The labor market has softened in response to past tightening of monetary policy and is probably close to the NAIRU (non-accelerating inflation rate of unemployment) that is coveted by Fed officials. Storms and strikes contributed to a weaker-than-expected payroll report in October, but the unemployment rate held steady at 4.1 percent, consistent with the range provided in the Fed’s most recent longer run projections. We continue to expect the unemployment rate to move higher over the coming quarters, but we recognize that the outlook for both labor supply and demand may change based on expected policy changes from the new Administration.

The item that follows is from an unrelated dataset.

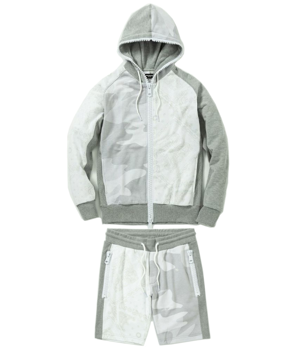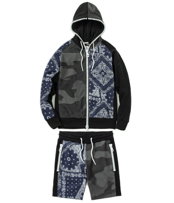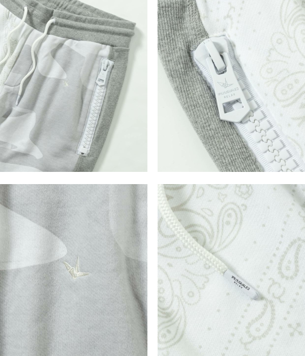 人気のカモ柄×ペイズリーで大胆に切り替えたセットアップ。キャッチーなビッグファスナーがさらに遊び心あるアクセントをプラスします。柔らかなスウェット素材を採用した心地よい肌触りも魅力。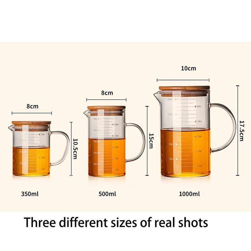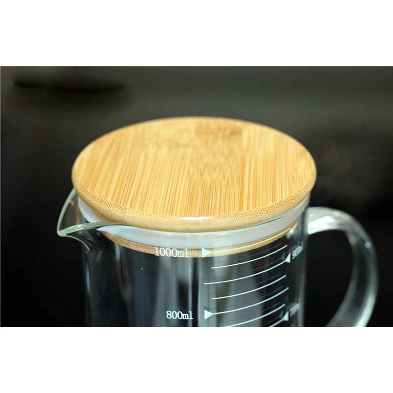 KINNOSE Graduated Beaker Mug with Handle and Durable Bamboo Lid Borosilicate Glass Multi-Function Food Grade Measuring Cup 1000ML

The progress on inflation has stalled somewhat, with the Fed’s preferred gauge — core personal consumption expenditures (PCE) –— printing at 2.7% last month, still stubbornly above the Fed’s 2% target. Services prices rose faster than goods prices and spending data continue to suggest a resilient consumer as the lagged impact of past Fed rate increases works through the economy. Recent revisions to US growth and income data (especially those to the National Income and Product Accounts from the Bureau of Economic Analysis) also suggest the consumer is probably in better shape than we expected based on prior data. The policy tightening has had a more acute effect on the housing market and the moderating of rental prices should continue to put downward pressure on inflation even if the Fed continues to ease policy as I expect.

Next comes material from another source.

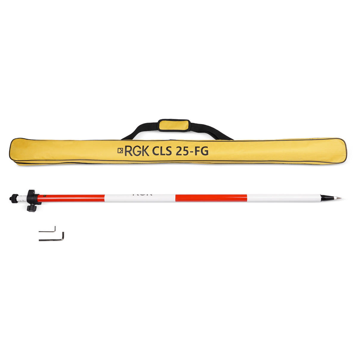Облегченная телескопическая веха RGK CLS25-FG, весом 1 кг, изготовленная из лёгкого непроводящего ток фибергласа с регулируемым пузырьковым уровнем, предназначена для установки оборудования и аксессуаров на высоте до 2,6 м. Оснащена надёжным винтовым фиксатором высоты. В комплекте с вехой идет чехол для транспортировки и насадка, позволяющая работать на нетвердом основании.

President-elect Trump campaigned on restrictive immigration policy and higher tariffs; these policies could create a more inflationary environment in 2025. Markets have begun to price this risk; breakeven inflation rates (BEI) increased in recent weeks as Trump gained in the polls and shot higher after the election result. While it may take some time for any policy changes to work their way through the economy, expectations can eventually transition into reality. There is also precedent for the Fed to incorporate BEI in its assessment of the inflation outlook, and a further ascent may require an adjustment to monetary policy, possibly including rate hikes later next year if inflation and growth prove to be stronger than currently expected. When Powell was asked specifically about the possibility of hikes next year, he noted that they are not taking anything off the table at this point given the increased uncertainty surrounding the economic outlook.
The Fed faces a challenging road ahead. If inflation accelerates next year, the central bank may be inclined to guard against a wage price spiral by hiking policy rates. Fingers may then be pointed at the Fed should a material growth slowdown or recession ensue. Trump has been adamant in the past that the White House should play a larger role in setting monetary policy and there could be pressure to sway those decisions in 2025.

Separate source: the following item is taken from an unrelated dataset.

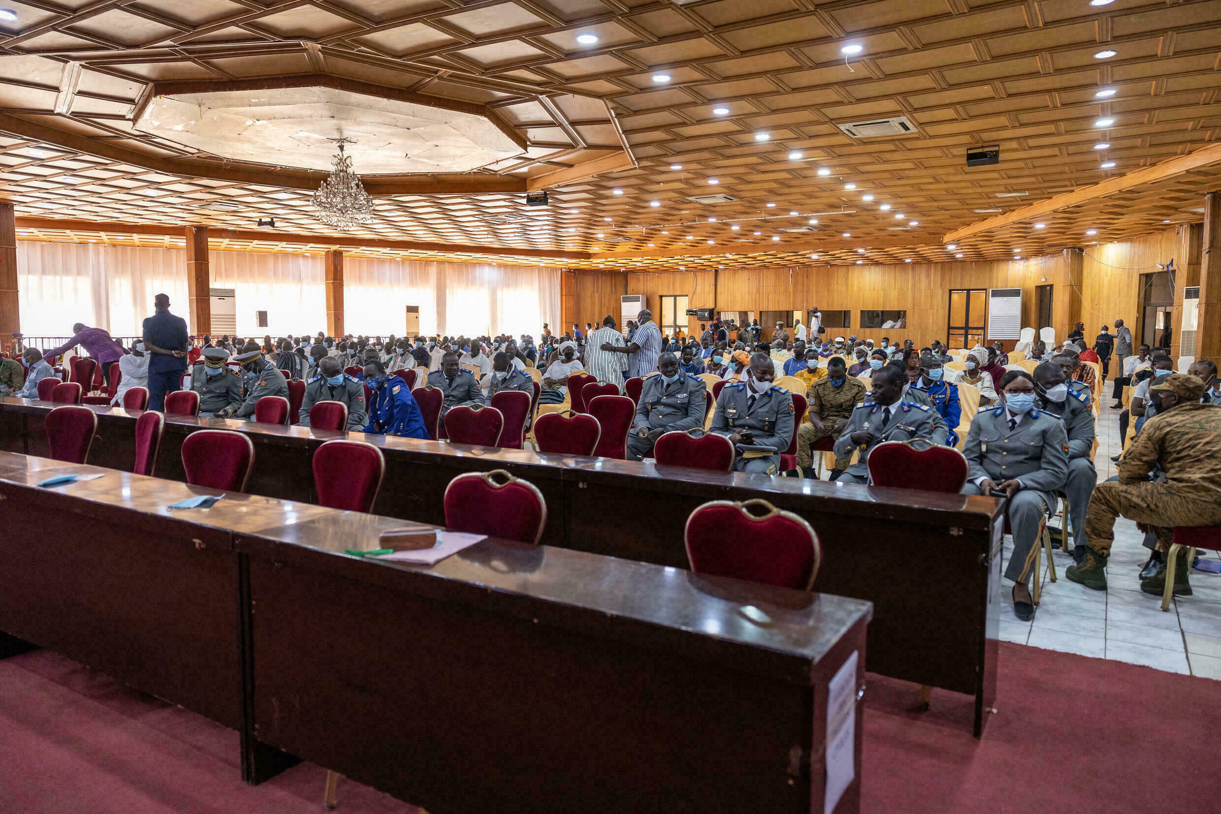 Cette première journée d’audience a été consacrée en grande partie au règlement de questions formelles et de procédures. Un grand dispositif sécuritaire était déployé tout au long du périmètre de la salle d’audience. Des avocats ont été commis d’office pour les accusés en vue d’assurer leur défense.

I am confident that Chair Powell will continue to conduct monetary policy with the pursuit of achieving the Fed’s mandate of stable prices and full employment, independent of any political influence. His current term ends in May 2026, at which point Trump will likely appoint a successor, subject to Senate approval. I’ll be watching to see whether those appointees are more politically motivated than academically oriented. While Republicans gained a majority in the Senate in this week’s elections, the outcomes of a few races have yet to be decided. Those results could have important implications for not only the next Fed Chair, but the future ideology of the FOMC.